I noticed this image on Wikipedia this morning under Mongolian writing systems. I've straightened it, cropped it, and saturated the colours to highlight the text. The image combines a number of scripts and helps to illustrate something I've been researching for my book. There are two lines of vertical phags pa script at either end and five lines of horizontal text in the following scripts:
  1. Lantsa
  2. dbu can
  3. soyombo (A Mongolian script based on dbu can)
  4. dbu can
  5. Classical Mongolian
The top line reads : *|| la kṣiṃ ja nya su kha hī paṃ ||
The next line reads: **|| la kṣiṃ dza nya sukha hī paṃ ||

This is not a mantra I'm familiar with, but in any case I was mainly interested to draw attention the the marks I have transcribed as * and ||.


The sign transcribed by * I only know by its Tibetan name yig mgo pronounced 'yimgo'. It is followed by the vertical stroke । in Sanskrit is called daṇḍa 'rod, stick', and in Tibetan shad (pronounced shé), which here is doubled ॥ . In this case the Tibetan yig mgo combines both the standard yig gmo - - and the 'following' yig mgo - - to give ༄༅. This and even more ornate forms are often found at the head of texts.

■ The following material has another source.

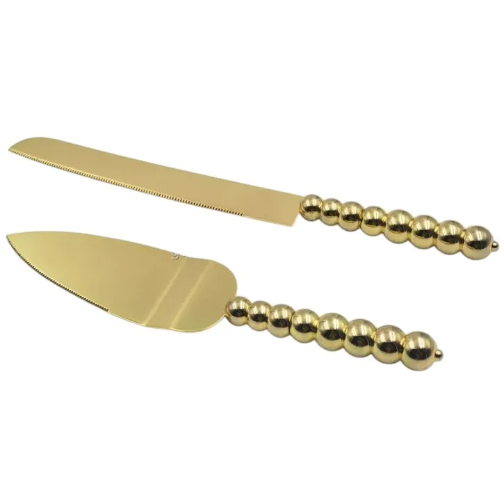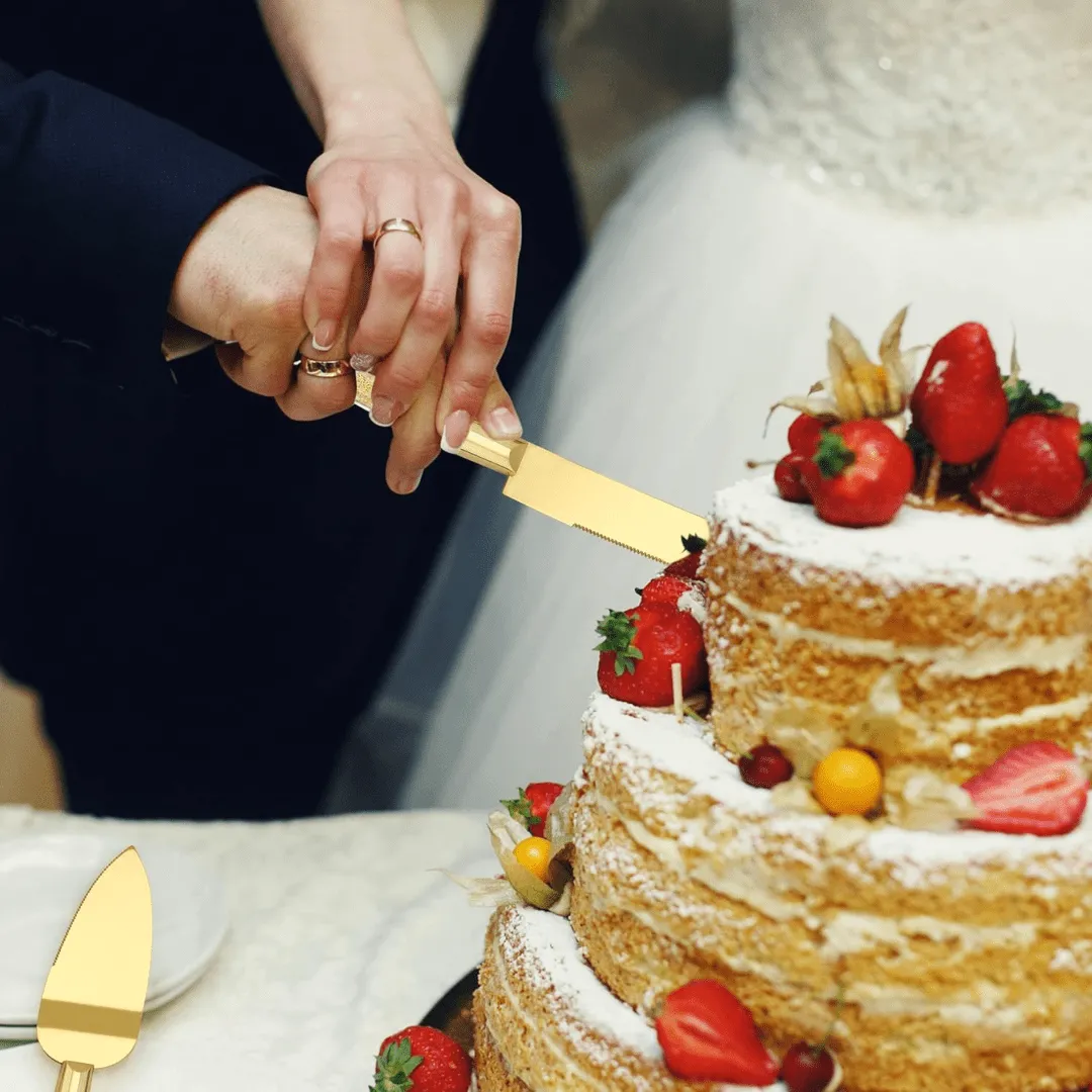 Ensemble de couteaux à gâteaux de mariage avec pelle dorée, alliant élégance et fonctionnalité pour couper et servir le gâteau lors des occasions spéciales comme les mariages et Noël.

The Lantsa yig mgo adds what looks like the long ā diacritic which probably is the same idea.


The latter is simply the double daṇḍa or nyis shad in Tibetan. The daṇḍa is the only form of punctuation regularly used in Sanskrit. In poetry a single daṇḍa marks the end of a line, and a double daṇḍa marks the end of a stanza. In prose it is used more freely where in English we might use commas, semi-colons, dashes, colons, and full-stops.

I'm planning a longer article about these and similar marks for my blog in a couple of weeks, and have more detail in my forthcoming book.